Шарифа молча кивнула.
Заведение Шарифы формально считалось кафе закусочной, хотя все называли его «укромкой». Нет, чашечку скверного кофе и такого же жидкого чая здесь сделать могли, как и разогреть стылую картошку или то, что называлось «кебаб», но не этим зарабатывала на жизнь Шарифа, мрачная, равнодушная ко всему вдова-алжирка. За кухней шёл короткий коридор с тремя комнатками. В этом районе, как и везде, хватало мужчин, которых дома ждала опостылевшая жена, а хотелось свежего мяса. На байт-да’ара работяги обычно раскошелиться не могли, да и не хотели, вот и снимали на час комнатку у Шарифы или в паре других таких же «укромок», разбросанных на соседних улицах. Не то чтобы Салах часто захаживал туда – не было необходимости, но он про неё знал. Мало ли зачем может понадобиться.
Вот и сейчас. Последняя комнатка имела две двери: внутреннюю – в тёмный, освещённый парой мигающих лампочек коридор, и балконную – на противоположную улицу. Конечно, братья Беннани скажут ему, одна ли пришла Замиль, но даже так всегда надо иметь запасной вариант. Аллах наказывает беспечных. И Салах мрачно усмехнулся. Он становится набожнее, чем обычно. Значит опасность ближе.
Замиль всё-таки пришла одна – он знал это, уже когда она подходила к «Куб мин аль-шей». Скорее всего, обратный ход не понадобится, хотя расслабляться не стоит.
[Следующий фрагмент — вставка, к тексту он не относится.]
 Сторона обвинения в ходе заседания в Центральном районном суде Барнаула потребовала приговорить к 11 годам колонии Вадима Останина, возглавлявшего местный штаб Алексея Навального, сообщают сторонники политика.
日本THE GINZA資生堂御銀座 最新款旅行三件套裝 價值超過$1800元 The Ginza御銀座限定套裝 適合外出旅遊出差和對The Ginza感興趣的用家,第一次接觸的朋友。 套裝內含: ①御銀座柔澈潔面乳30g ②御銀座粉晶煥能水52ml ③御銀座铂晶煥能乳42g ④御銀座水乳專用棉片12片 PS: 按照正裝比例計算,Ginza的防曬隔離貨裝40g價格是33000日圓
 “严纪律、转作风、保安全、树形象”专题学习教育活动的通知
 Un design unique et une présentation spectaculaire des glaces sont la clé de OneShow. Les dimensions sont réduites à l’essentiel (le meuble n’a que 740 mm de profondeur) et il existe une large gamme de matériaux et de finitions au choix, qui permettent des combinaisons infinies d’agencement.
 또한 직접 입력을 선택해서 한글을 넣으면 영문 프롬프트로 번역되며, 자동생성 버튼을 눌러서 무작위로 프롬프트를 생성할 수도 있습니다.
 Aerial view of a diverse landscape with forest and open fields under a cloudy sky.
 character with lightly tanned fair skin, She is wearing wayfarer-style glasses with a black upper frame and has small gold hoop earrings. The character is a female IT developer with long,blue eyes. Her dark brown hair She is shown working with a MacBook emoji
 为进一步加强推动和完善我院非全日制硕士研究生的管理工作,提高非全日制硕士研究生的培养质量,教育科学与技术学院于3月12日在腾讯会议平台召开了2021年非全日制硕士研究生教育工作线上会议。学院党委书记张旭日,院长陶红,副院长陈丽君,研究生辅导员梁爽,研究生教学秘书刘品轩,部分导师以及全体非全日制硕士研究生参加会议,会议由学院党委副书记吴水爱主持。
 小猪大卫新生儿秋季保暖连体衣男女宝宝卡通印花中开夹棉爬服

Короткий, какой-то вкрадчивый стук в дверь.
– Заходи, – отрывисто бросил Салах, и дверь приоткрылась.
Древние жалюзи на окнах рассеивали свет, но даже так его хватало, чтобы рассмотреть пришедшую подробно. Хороша. Не скульптурной красотой Джайды, скорее, какой-то волнующей инородностью. Резко очерченные широкие скулы, полуприщуренные глаза удивительного болотно-зелёного оттенка, крупные нос и рот, светлая кожа с чуть проглядывающей смуглинкой – сливки с каплей кофе. Далёкая от тех представлений о красоте, что он впитал с детства, но при этом неуловимо дразнящая, Замиль стояла в дверном проёме, и лишь кривившая уголки рта усмешка показывала, что она вполне осознает, какое впечатление производит на мужчин.
– Ис-саламу-алейкум, – бросил он ей наконец, – заходи.
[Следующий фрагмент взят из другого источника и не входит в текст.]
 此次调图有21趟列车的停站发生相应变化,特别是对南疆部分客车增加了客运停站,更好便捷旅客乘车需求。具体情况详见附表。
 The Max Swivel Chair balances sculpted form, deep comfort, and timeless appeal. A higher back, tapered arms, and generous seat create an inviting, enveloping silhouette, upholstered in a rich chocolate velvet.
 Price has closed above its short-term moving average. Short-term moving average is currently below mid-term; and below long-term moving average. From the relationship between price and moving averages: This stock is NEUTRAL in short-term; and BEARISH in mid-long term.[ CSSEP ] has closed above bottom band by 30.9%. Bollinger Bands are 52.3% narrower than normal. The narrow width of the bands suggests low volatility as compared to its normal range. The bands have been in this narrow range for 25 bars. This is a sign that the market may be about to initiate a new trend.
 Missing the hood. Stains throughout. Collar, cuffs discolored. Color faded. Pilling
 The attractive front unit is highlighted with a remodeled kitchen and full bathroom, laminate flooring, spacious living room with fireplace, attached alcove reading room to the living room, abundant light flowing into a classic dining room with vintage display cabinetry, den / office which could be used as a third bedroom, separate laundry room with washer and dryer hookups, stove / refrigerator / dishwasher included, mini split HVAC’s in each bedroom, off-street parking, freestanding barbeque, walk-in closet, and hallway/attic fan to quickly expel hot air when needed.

– Алейкум-ис-салам, – тут же откликнулась девушка, сделала шаг в комнатку и осторожно прикрыла за собой дверь.
Потом повернулась и посмотрела на него. Он так же смотрел на неё в ответ, не предлагая сесть.
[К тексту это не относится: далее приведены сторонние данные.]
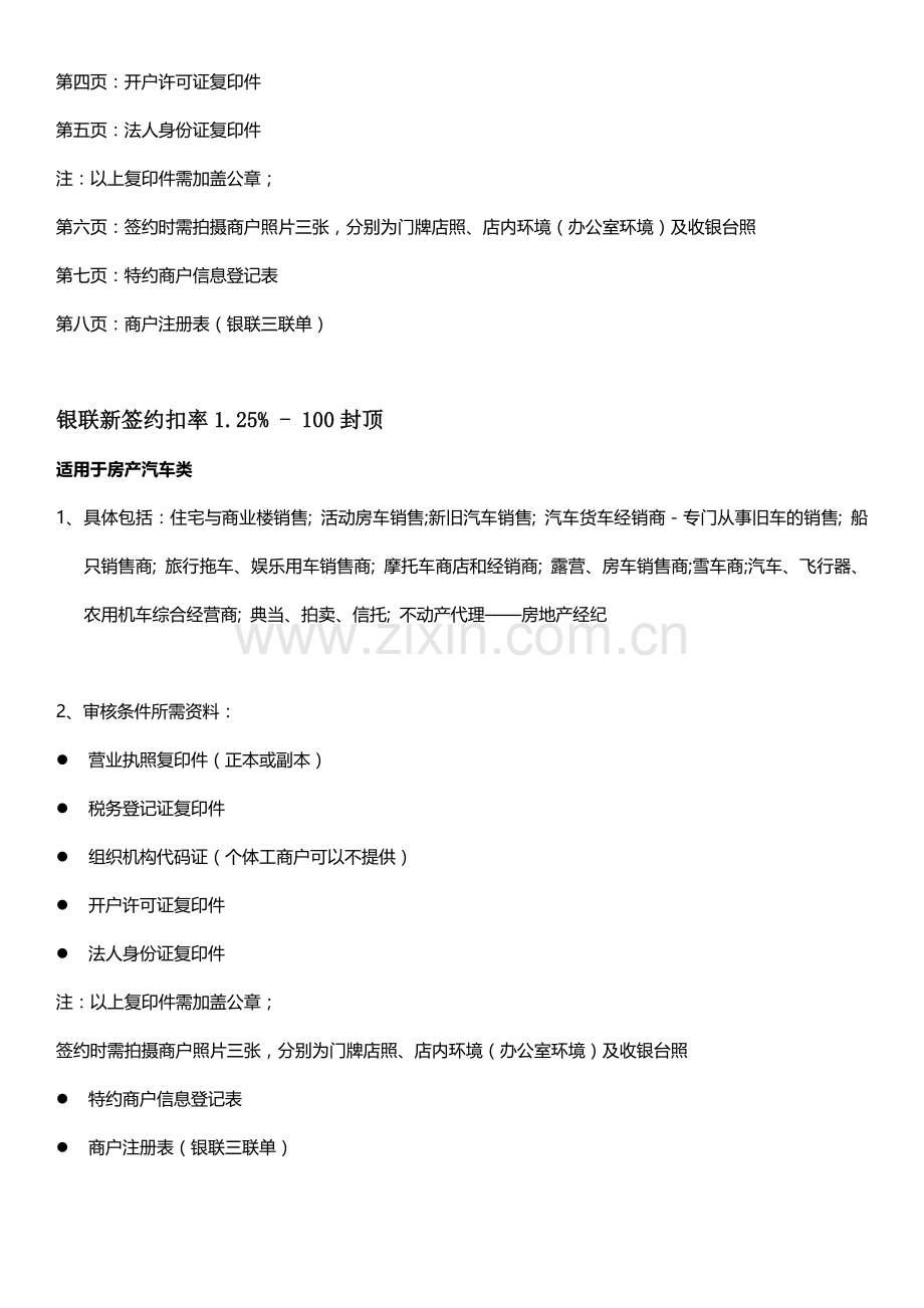 1、 具体包括:大型仓储式超级市场大型仓储式超级市场; 家用电器商店; 自助加油站; 加油站、服务站;大型仓储式家庭用品卖场; 会员制批量零售店; 本地和市郊通勤旅客运输(包括轮渡);出租车服务; 公路客运; 航空公司; 路桥通行费; 铁路局指定票务代售点; 铁路局(直属);公用事业 ;直销-保险直销; 保险缴款(实际经营保险的公司); 电信服务,包括本地和长途电话(含固话、移动缴费类业务); 有线和其它付费电视服务; 政治组织(政府机构);法庭费用,包括赡养费和子女抚养费; 罚款; 保释金; 纳税; 使领馆收费; 报亭、报摊;停车场及车库; 国家邮政服务
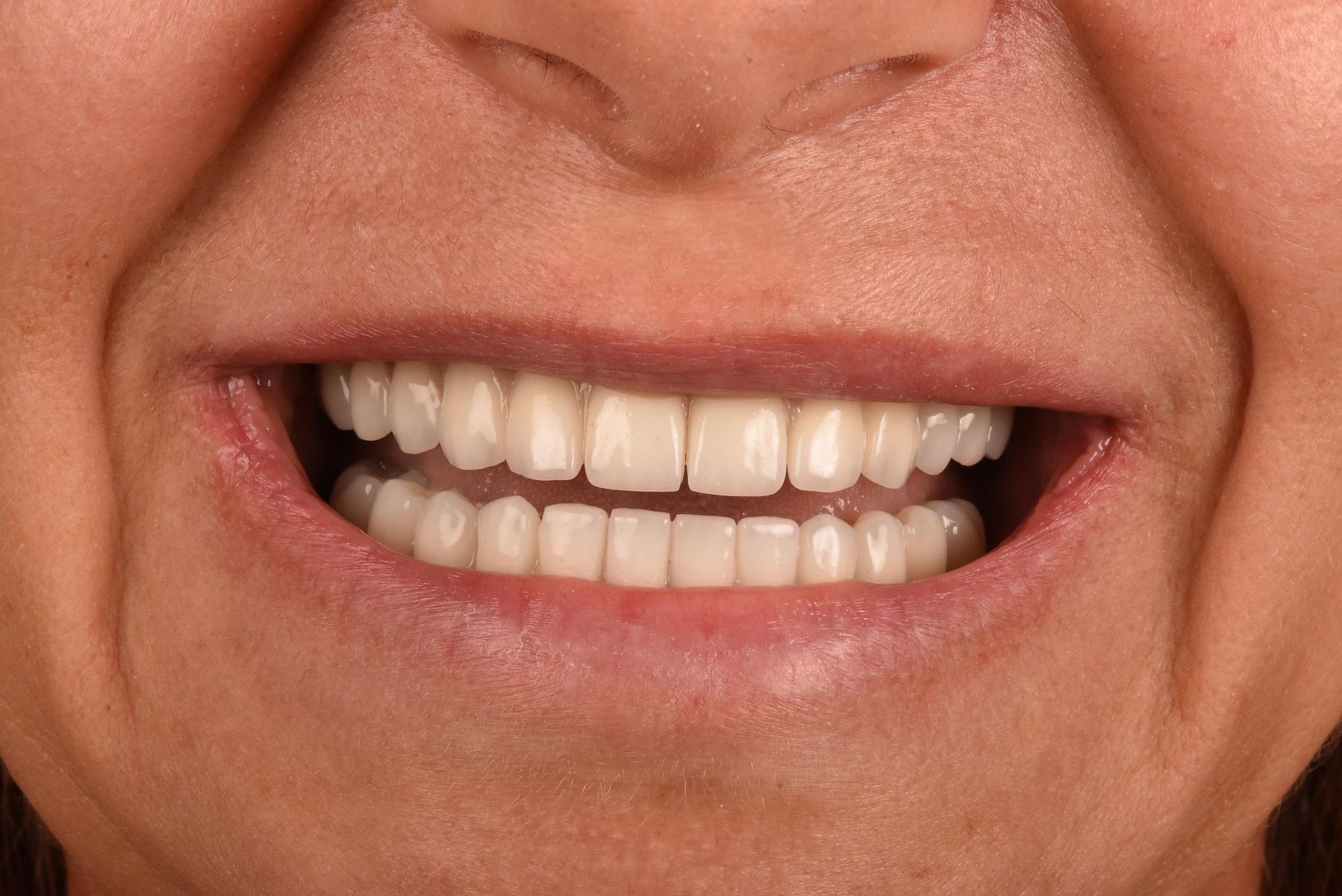 Lucrările protetice sunt realizate din materiale, precum zirconiu sau ceramică presată, care imită aspectul natural al dinților și sunt rezistente în timp.
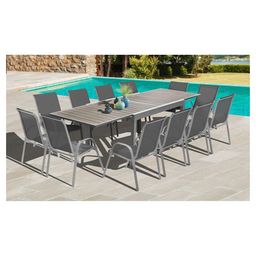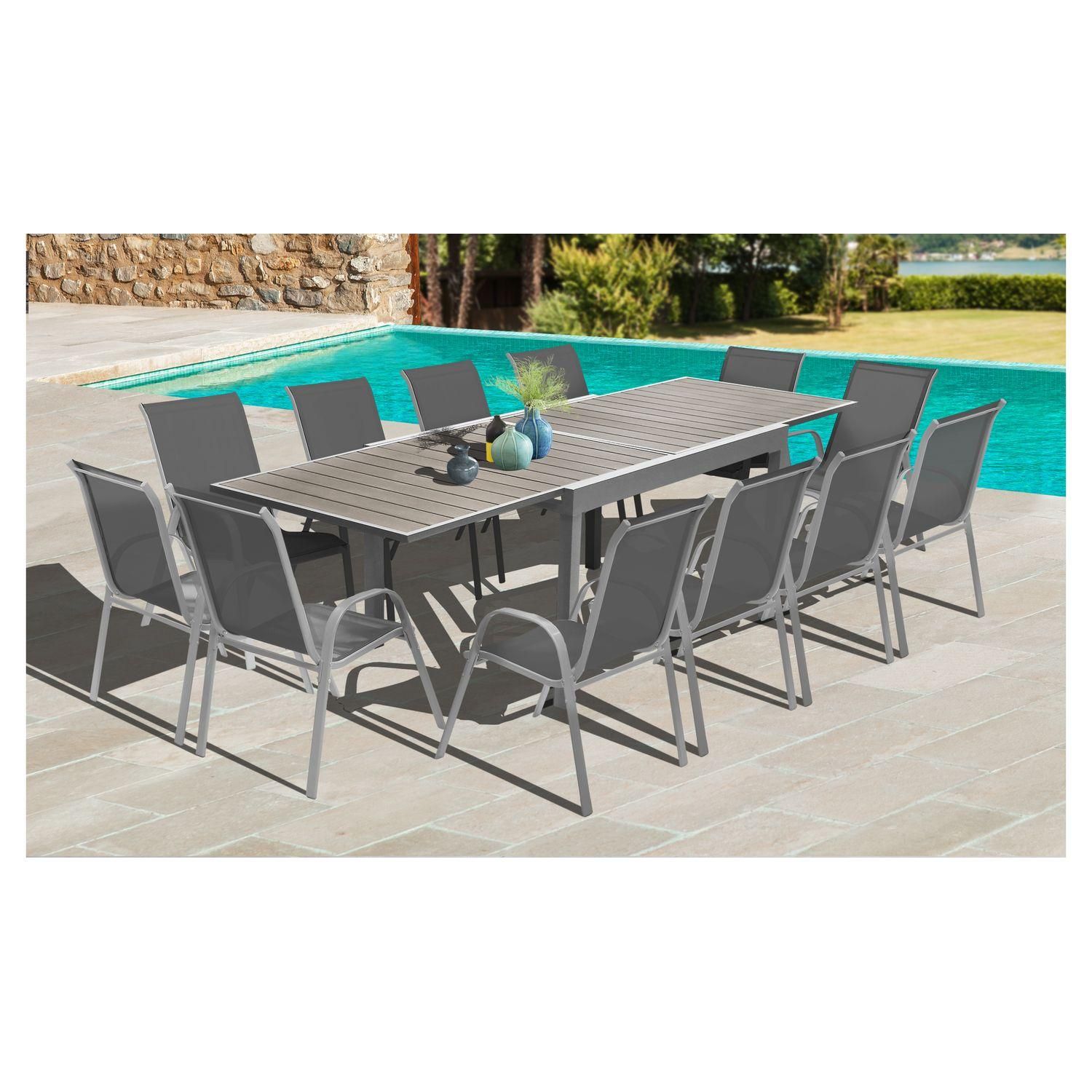 Table de jardin extensible - 12 places - Aluminium/Verre trempé - Gris

– Ты хотела говорить, – сказал Салах, – можешь говорить.
Замиль улыбнулась – в первый раз с тех пор, как он её увидел. Но это была не та ласковая, многообещающая улыбка, которой девочки Зарият приветствовали гостей. От усмешки на него повеяло чем-то нехорошим.
– Ты муташаррид, – девушка начала без всяких условностей и оговорок, с которыми благовоспитанной махдистке полагалось обращаться к порядочному мужчине. Ладно, он порядочный мужчина не в большей степени, чем она – благовоспитанная махдистка.
Слова Замиль явно не были вопросом, но Салах кивнул.
– Возможно, – ответил он коротко.
– Возможно, – ему показалось, или в болотных глазах гостьи мелькнула насмешка? – Возможно также, что я точно это знаю. Как знают это и шейхи, приходящие к нам в дом отдохновения.
На последних словах в её голосе уже явно прозвучали насмешливые нотки.
– Знают, – повторила она, – а я вот не знаю, что ты натворил, и знать этого не хочу. Но…
И тут она замолчала, а Салах удивлённо прищурился. В дверях девушка казалась такой уверенной в себе, но сейчас сдулась на глазах, словно проколотый мяч. Не требовалось быть тонким знатоком душ, чтобы понимать – она собиралась сказать главное, нечто крайне для неё важное и сейчас судорожно подыскивала слова. Кровь от её и без того светлого лица отхлынула.
Салах молчал.
– Ты пересекаешь море? – выдавила наконец из себя Замиль, – так ведь? Бываешь… на той стороне?
Вот оно что.
– Я много где бываю, – Салах всё так же рассматривал её в упор. На улице послышались чьи-то голоса и смех, и он напрягся, но девушка не повела и бровью. Либо за ней не следят, либо она не знает, что следят, либо… она ну очень хорошо владеет собой.
– Салах, скажу тебе прямо, – она теперь не выдавливала из себя фразы, а словно выплёвывала их, – я давно хочу сбежать отсюда. На… на ту сторону. Мне нужен такой человек, как ты. Я могу заплатить, у меня есть деньги. Не так много, но кое-что есть. Кроме того… я могу лечь с тобой.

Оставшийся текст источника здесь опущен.